> _WHAT YOU SHOULD DO_
Nothing but text lines should be duplicated: start with the first line of the listing below and stop after the line holding "胡散臭い通販商品みたいなあだ名 | 『億万長者になれる水晶球…その名も「しゅうやしねかす」』 |", omitting pictures.

> _DATA SUPPLIED_

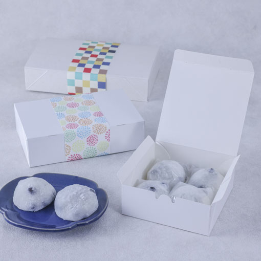 まんじゅうポリシートでくるんだどらやきをこの箱に入れて
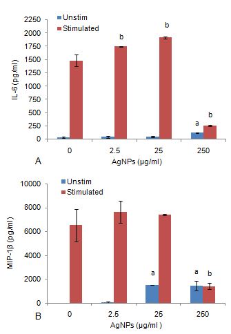 Figure 9Synthesis of biomarkers associated with inflammation, (a) IL-6 synthesis of WBCs exposed to AgNPs in the absence and presence of LPS, (b) MIP-1β synthesis of WBCs exposed to AgNPs in the absence and presence of LPS . Data represents mean ± SD with n = 4. Bars marked with letters indicate significant difference to 0 μg/ml AgNPs (P < 0.0.1). Significance demarcated by: a- significantly different compared to negative control, 0 μg/ml AgNPs (-LPS) (P < 0.0.01); b- significantly different compared to positive control, 0 μg/ml AgNPs (+LPS) (P < 0.0.01).
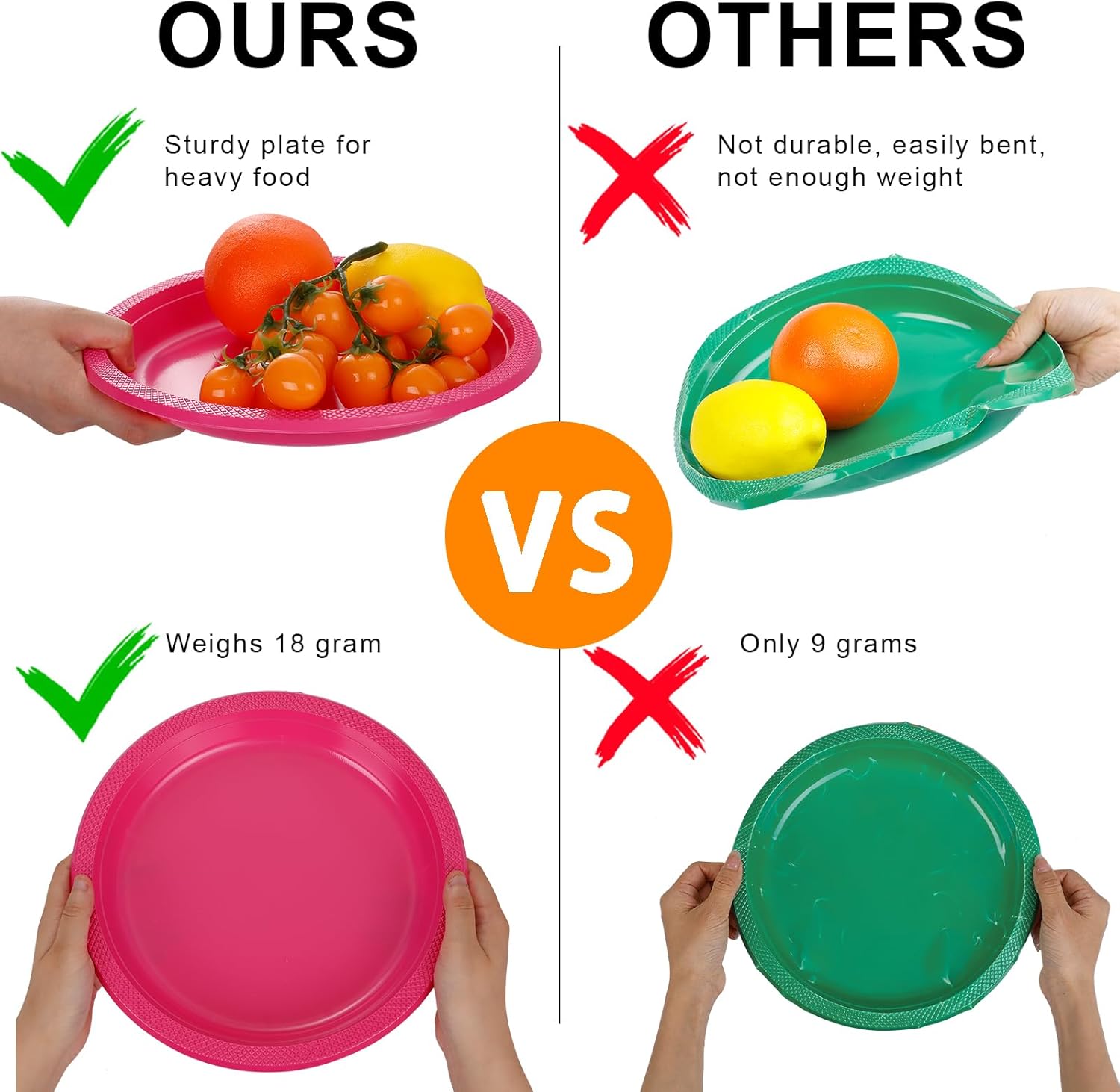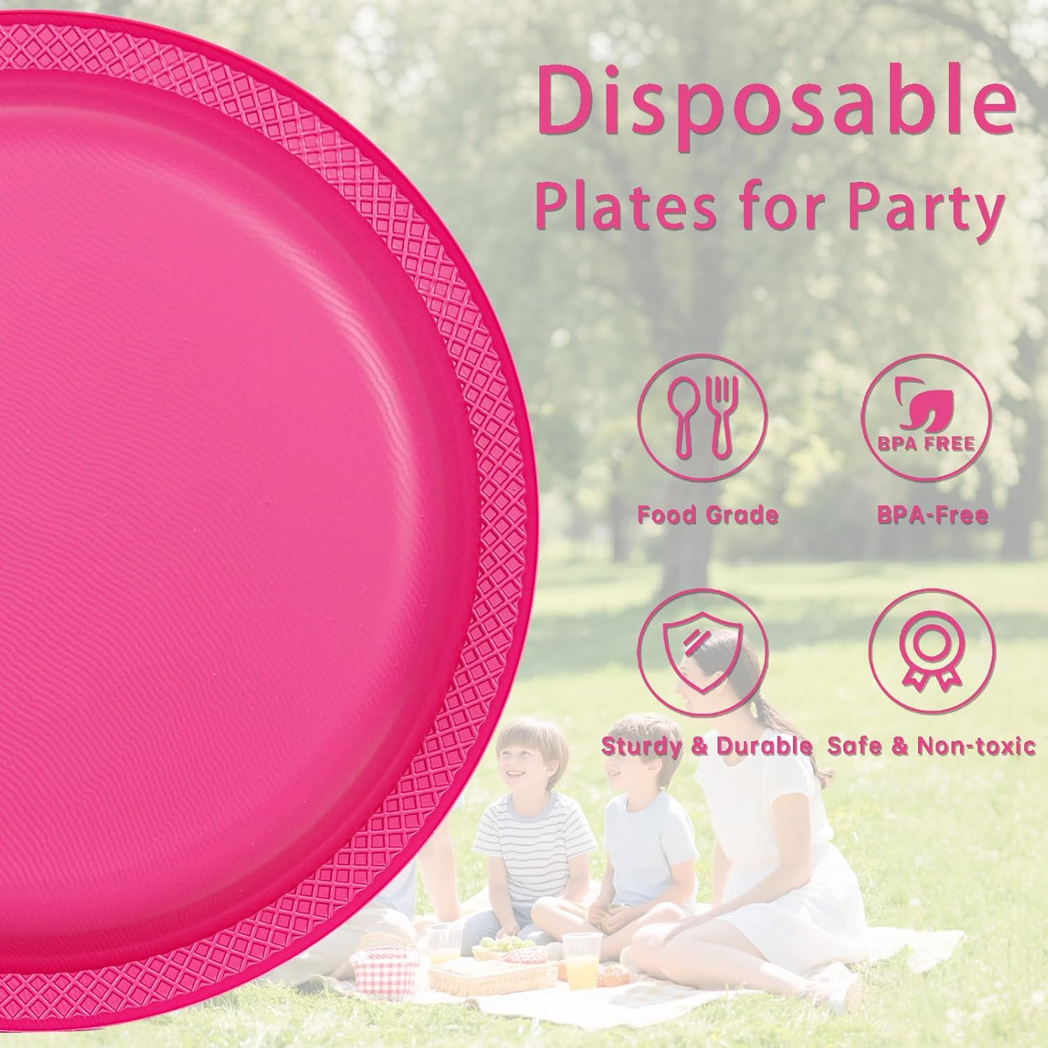 - 【Multi-Occasions Applicable】 Offering 9 inch plastic plates to meet different needs.Whether for parties, dining or daily use, these plastic plates are a necessity for a perfect dining experience. Simple and generous, elegant and vivid. These hot pink plastic plates disposable can match various festival themes and Daily activities, brighten up the dining table atmosphere and add a sense of sophistication to your table decorations.
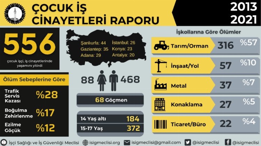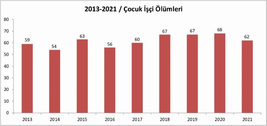 İşçi Sağlığı ve İş Güvenliği (İSİG) Meclisi verilerine göre 2021 yılında Türkiye'de en az 62 çocuk, çalışırken hayatını kaybetti.
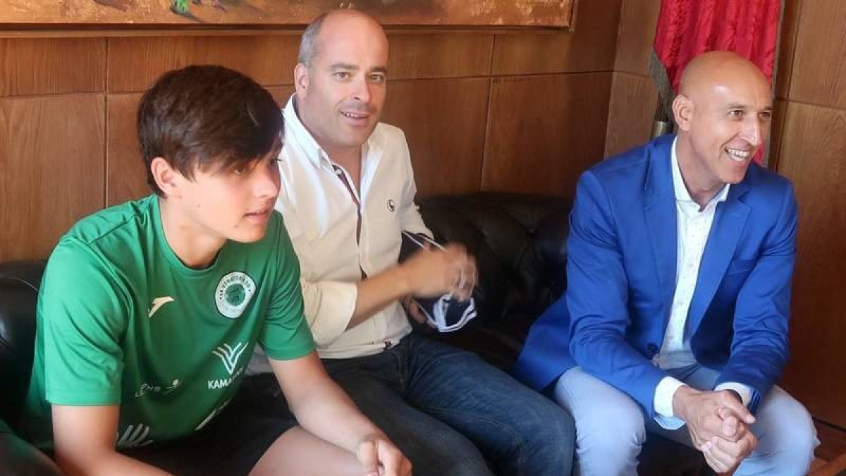 El alcalde de León, José Antonio Diez, recibió a Isaac Mao y Tomás Moreno, dos nadadores del equipo de La Venatoria que han logrado triunfos deportivos en los últimos meses. El policía leonés Isaac Mao obtuvo siete medallas en el Campeonato del Mundo de Policías y Bomberos celebrado en la ciudad china de Chengdu. Moreno logró bronce en la modalidad de 800 metros libres en el Campeonato Infantil de España de Natación. | dl
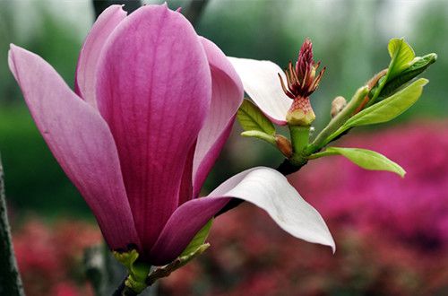 紫玉蘭是木蘭科的落葉性灌木,此植物開花時十分驚艷,葉片都會掉光,只剩下枝條上挺立的朵朵紫玉蘭。紫玉蘭的確是園林觀賞性植物不錯的選擇。
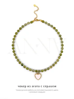 Чокер из зеленого агата с сердечком
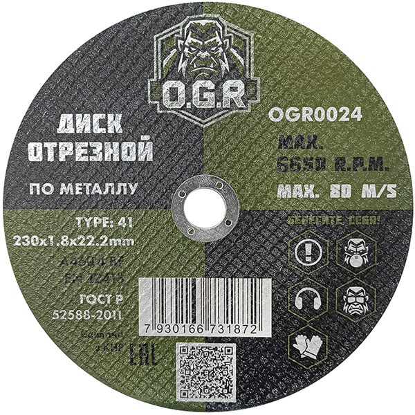 Диск отрезной по металлу 230*1,6*22 OGR
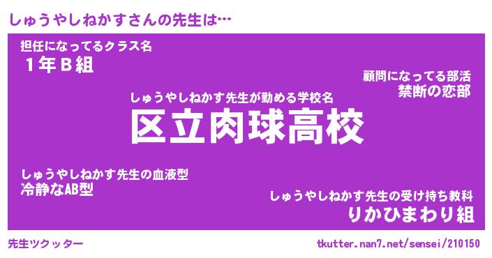 | 胡散臭い通販商品みたいなあだ名 | 『億万長者になれる水晶球…その名も「しゅうやしねかす」』 |
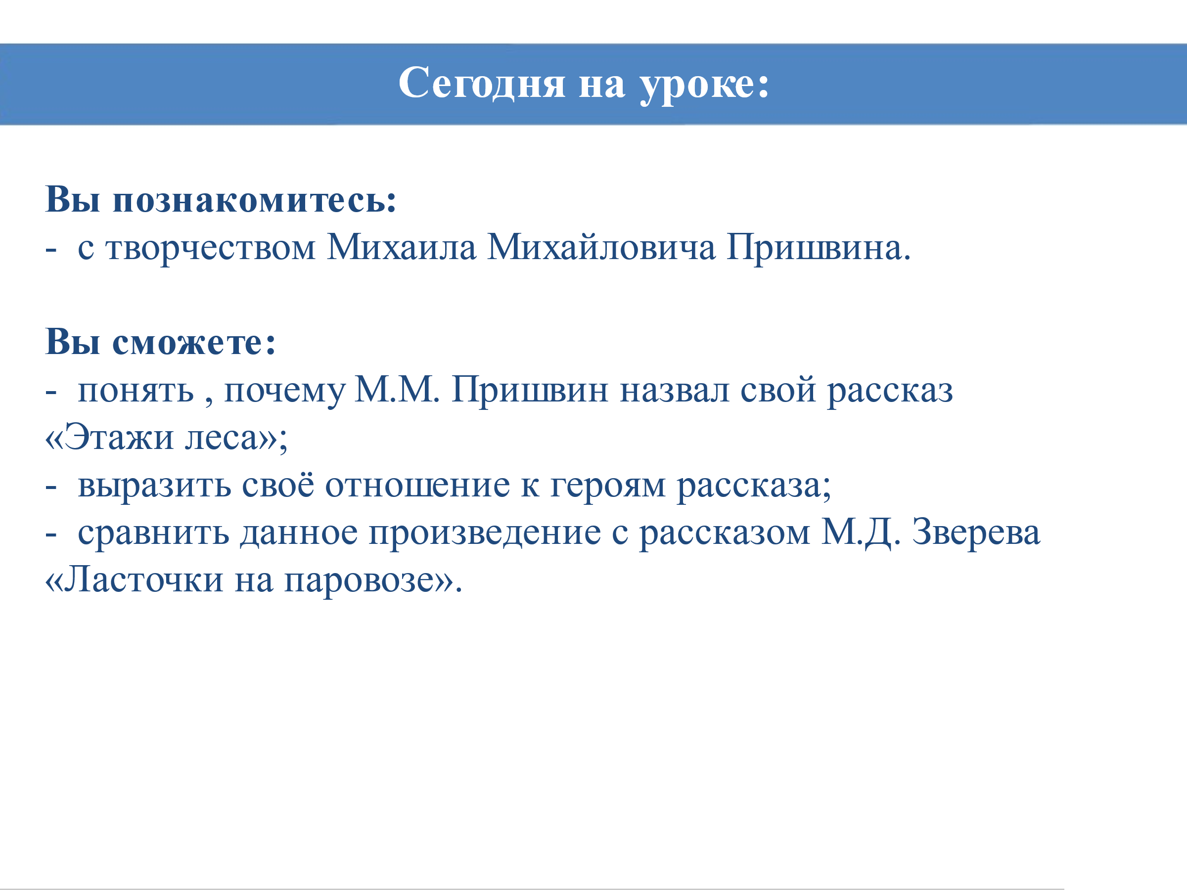 творчеством Михаила Михайловича Пришвина; понять , почему М.М. Пришвин назвал свой рассказ «Этажи

> _WRITTEN RESPONSE_
 まんじゅうポリシートでくるんだどらやきをこの箱に入れて
 Figure 9Synthesis of biomarkers associated with inflammation, (a) IL-6 synthesis of WBCs exposed to AgNPs in the absence and presence of LPS, (b) MIP-1β synthesis of WBCs exposed to AgNPs in the absence and presence of LPS . Data represents mean ± SD with n = 4. Bars marked with letters indicate significant difference to 0 μg/ml AgNPs (P < 0.0.1). Significance demarcated by: a- significantly different compared to negative control, 0 μg/ml AgNPs (-LPS) (P < 0.0.01); b- significantly different compared to positive control, 0 μg/ml AgNPs (+LPS) (P < 0.0.01).
 - 【Multi-Occasions Applicable】 Offering 9 inch plastic plates to meet different needs.Whether for parties, dining or daily use, these plastic plates are a necessity for a perfect dining experience. Simple and generous, elegant and vivid. These hot pink plastic plates disposable can match various festival themes and Daily activities, brighten up the dining table atmosphere and add a sense of sophistication to your table decorations.
 İşçi Sağlığı ve İş Güvenliği (İSİG) Meclisi verilerine göre 2021 yılında Türkiye'de en az 62 çocuk, çalışırken hayatını kaybetti.
 El alcalde de León, José Antonio Diez, recibió a Isaac Mao y Tomás Moreno, dos nadadores del equipo de La Venatoria que han logrado triunfos deportivos en los últimos meses. El policía leonés Isaac Mao obtuvo siete medallas en el Campeonato del Mundo de Policías y Bomberos celebrado en la ciudad china de Chengdu. Moreno logró bronce en la modalidad de 800 metros libres en el Campeonato Infantil de España de Natación. | dl
 紫玉蘭是木蘭科的落葉性灌木,此植物開花時十分驚艷,葉片都會掉光,只剩下枝條上挺立的朵朵紫玉蘭。紫玉蘭的確是園林觀賞性植物不錯的選擇。
 Чокер из зеленого агата с сердечком
 Диск отрезной по металлу 230*1,6*22 OGR
 | 胡散臭い通販商品みたいなあだ名 | 『億万長者になれる水晶球…その名も「しゅうやしねかす」』 |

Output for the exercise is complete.